Élection du soixantième doge de Venise

Andrea Contarini est le fils de Nicolò, il appartient à une riche famille qui petit à petit commence à dominer la vie publique vénitienne, objectif qui sera atteint au XVIIème siècle.

Pendant sa jeunesse, il voyage faisant du commerce et, selon les chroniques, alors qu’il est en Orient, un mendiant arabe lui aurait prédit qu’il deviendrait doge mais d’il connaîtrait de grands malheurs. Que la légende soit vraie ou fausse, Contarini, durant sa jeunesse, ne fait pas preuve d’une grande moralité comme on aurait pu l’attendre d’un futur homme d’État, avec ses amis, ils fréquentent souvent des bordels ainsi que des couvents où il a de nombreuses maitresses.

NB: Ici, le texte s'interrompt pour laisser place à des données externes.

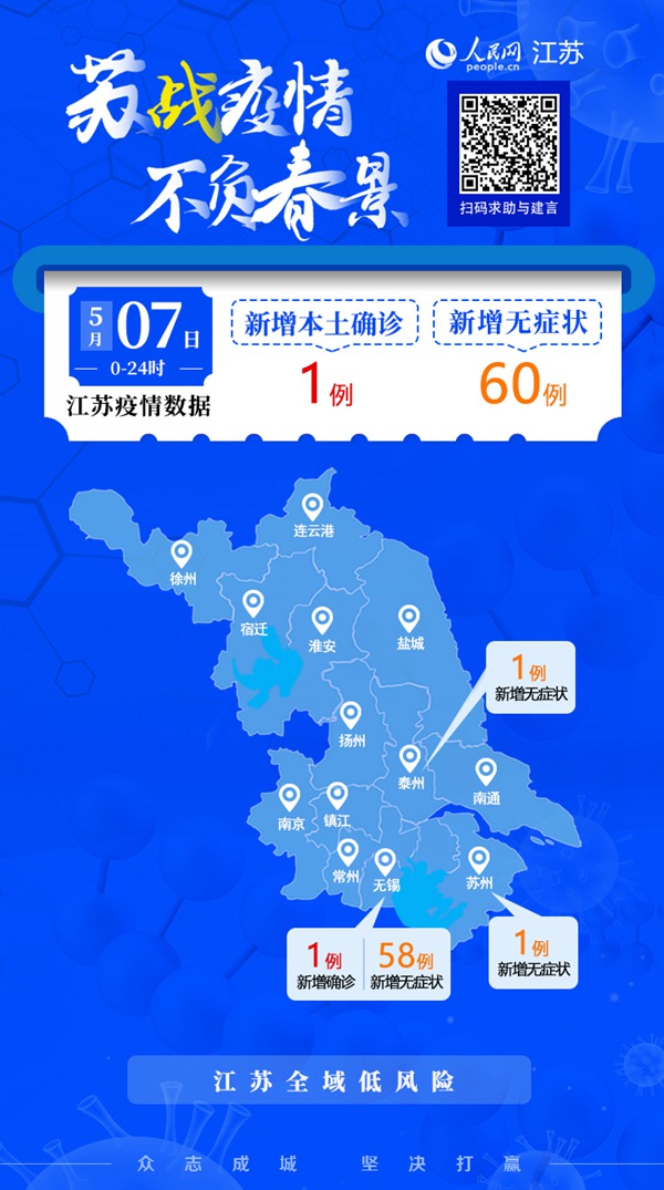 5月7日江蘇新增1例本土確診病例 60例本土無症狀感染者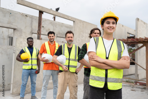 Portrait Hispanic Latin engineer woman with Multi-ethnic Team engineer or team labor at precast cement outdoor factory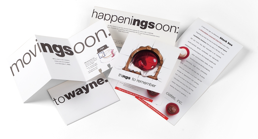 The follow-up pieces used wordplay to inform clients of NGS' move to Wayne, PA (“movingsoon”) and to invite clients to an open house (“happeningsoon”).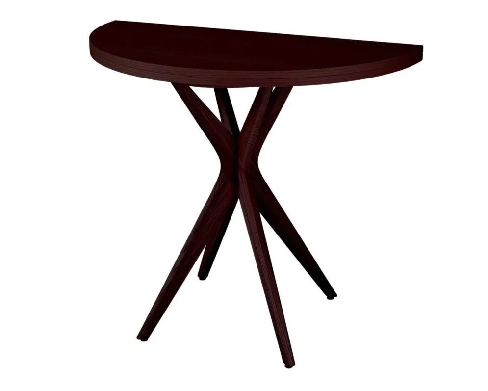 CUTTI zachowuje swoją praktyczność – jako półokrągła konsola doskonale sprawdzi się w małej kuchni, holu czy salonie, natomiast po rozłożeniu staje się pełnoprawnym stołem dla czterech osób. Stabilna konstrukcja oparta na krzyżowych nogach gwarantuje trwałość, a brak oskrzyni zwiększa ergonomię. Regulowane stopki umożliwiają idealne dopasowanie do każdej podłogi. Stół w wybarwieniu orzechowym to harmonijne połączenie wysokiej jakości wykonania z klasyczną estetyką drewna.
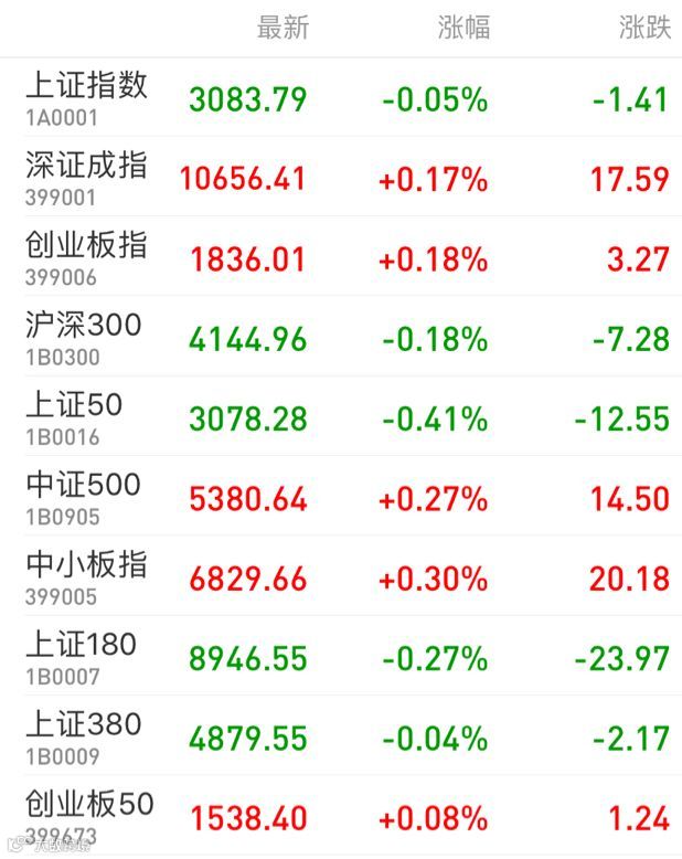 1、A股:上证指数微幅收跌0.05%报3083.79点,上周累计上涨2%,深证成指涨0.17%报10656.41点,周涨约4%,创业板指涨0.18%报1836.01点,周涨约4%,万得全A涨0.1%。两市成交6954亿元,较上日有所收窄。北向资金净流入33.61亿元,上周累计净流入177.74亿元。中国建筑、中国平安、海康威视当日分别获净买入6.47亿元、3.62亿元、2.9亿元。贵州茅台遭净卖出14.83亿元,创沪港通开通以来最大单日净卖出。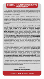 Maltepe Belediyesi, son günlerde yetkili sendika tarafından yapılan açıklamalar üzerine hem kamuoyunun doğru bilgilendirilmesi hem de çalışanların emeğine duydukları saygının altını çizmek amacıyla "Değerli Maltepe Halkına ve Kamuoyuna" başlıklı açıklama yaptı.
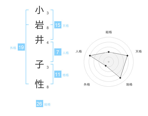 小岩井 子性さんを姓名の画数から五運を鑑定

Selon un autre légende (l’histoire des Contarini en est constellée) il change d’attitude lorsque, sur le point de faire l’amour à une nonne, il voit l’alliance à son doigt : la femme, lui expliquant que c’était le signe de sa foi étant mariée au Christ, cela le troubla au point de s’enfuir du couvent. À partir de ce moment, il serait devenu un bon père de famille, épousant une certaine Costanza dont il eut quatre enfants. La légende se termine en omettant de dire, probablement, que cette foi retrouvée ne dura pas, on lui connaît un fils illégitime.

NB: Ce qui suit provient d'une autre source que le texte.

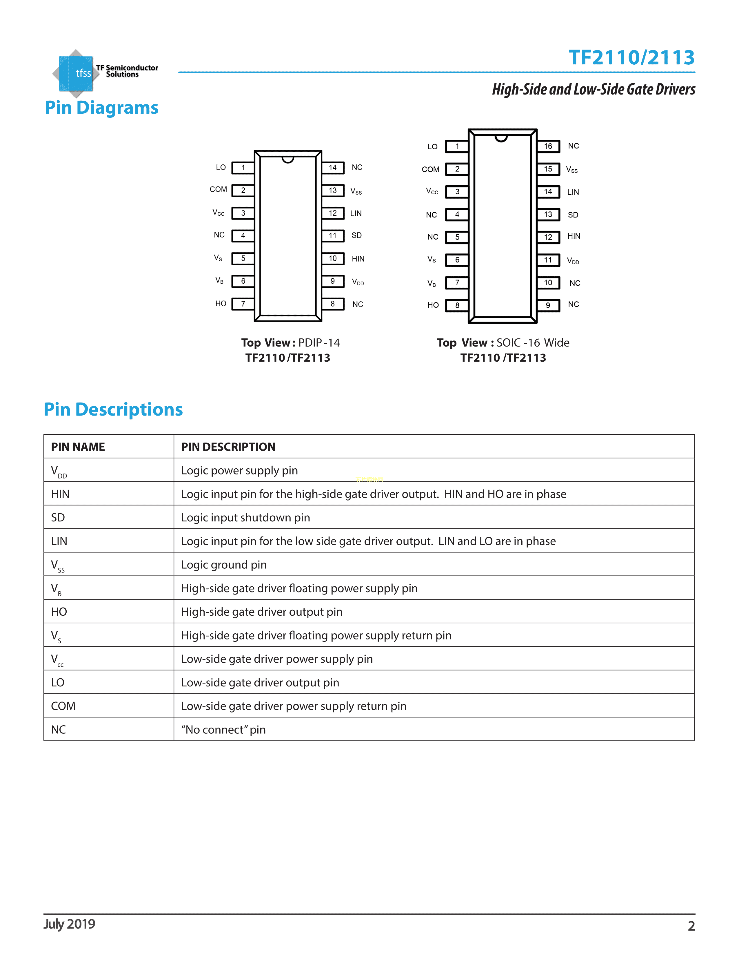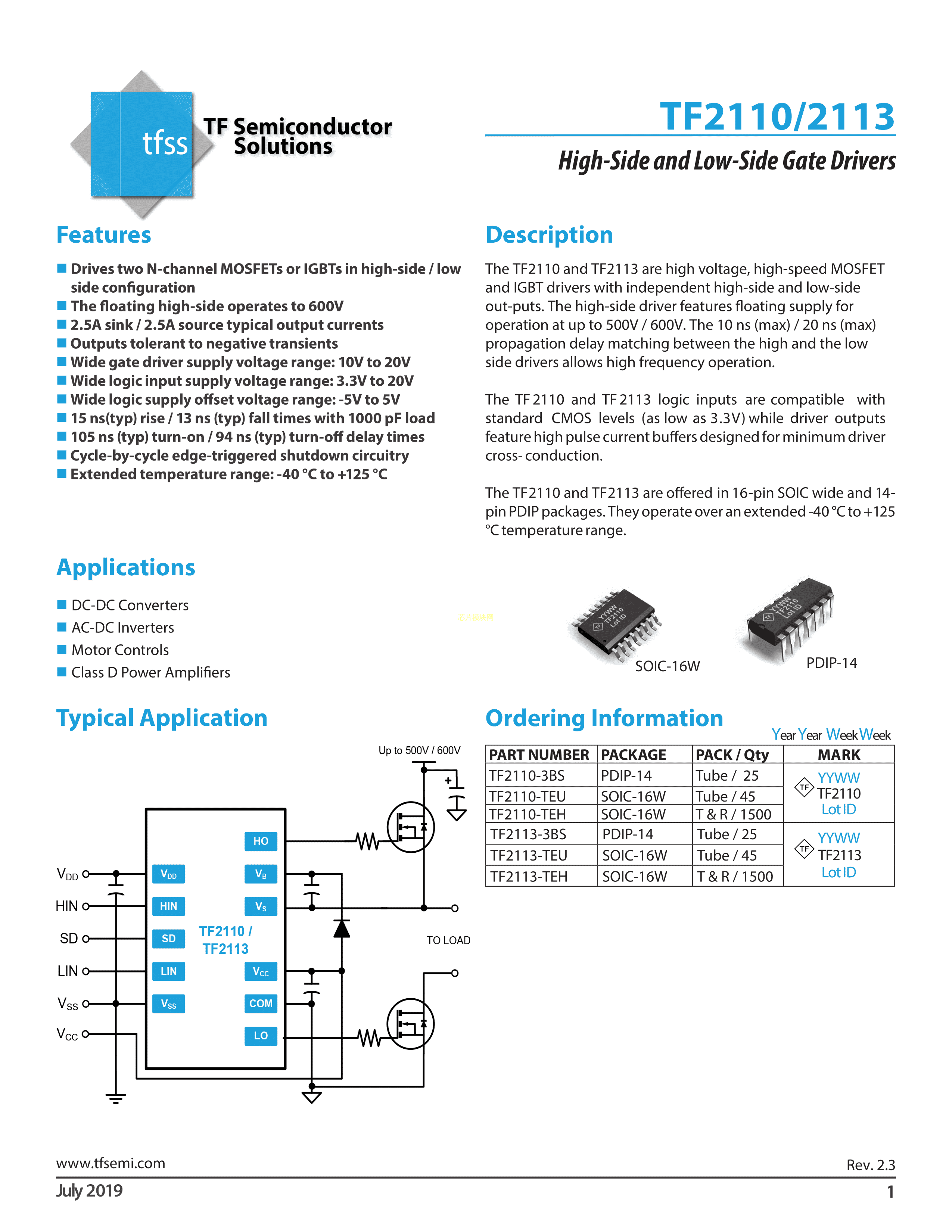 TF2113-3BS数据手册PDIP-14封装TFSS(德律风根)PDF规格书,中英文下载

Contarini est un bon administrateur même s’il reçoit une amende pour être rentré plus tôt que prévu d’une mission en Crête sans donner une explication sérieuse hormis pour l’habituelle « raisons personnelles ».

Après une jeunesse délurée, à l’âge mur, il redevient sérieux et, contre toute attente alors que lui-même n’est pas favorable à sa nomination, il est quasiment contraint à accepter son élection comme doge de Venise le 20 janvier 1368 avec 25 voix.

Par deux fois déjà, il avait rejeté sa nomination, se souvenant de la prédiction du mendiant oriental. Pour le forcer à accepter sa charge, il est menacé de confiscation de ses biens et de bannissement.

Le dogat de Contarini est l’un des plus importants : si le dogat de Pietro II Orseolo est celui qui développa Venise et celui de Enrico Dandolo celui du passage capital d’un petit État à un empire, celui de Contarini voit la ville engagée dans la guerre de Chioggia (1378–1381) et consacrée définitivement comme dominatrice incontestée des mers pour les siècles suivants.

La guerre, qui affaiblit Gênes, permet aux Vénitiens d’avoir le contrôle de toutes les routes commerciales et de connaître un second essor économique après celui de la première moitié du XIVème siècle.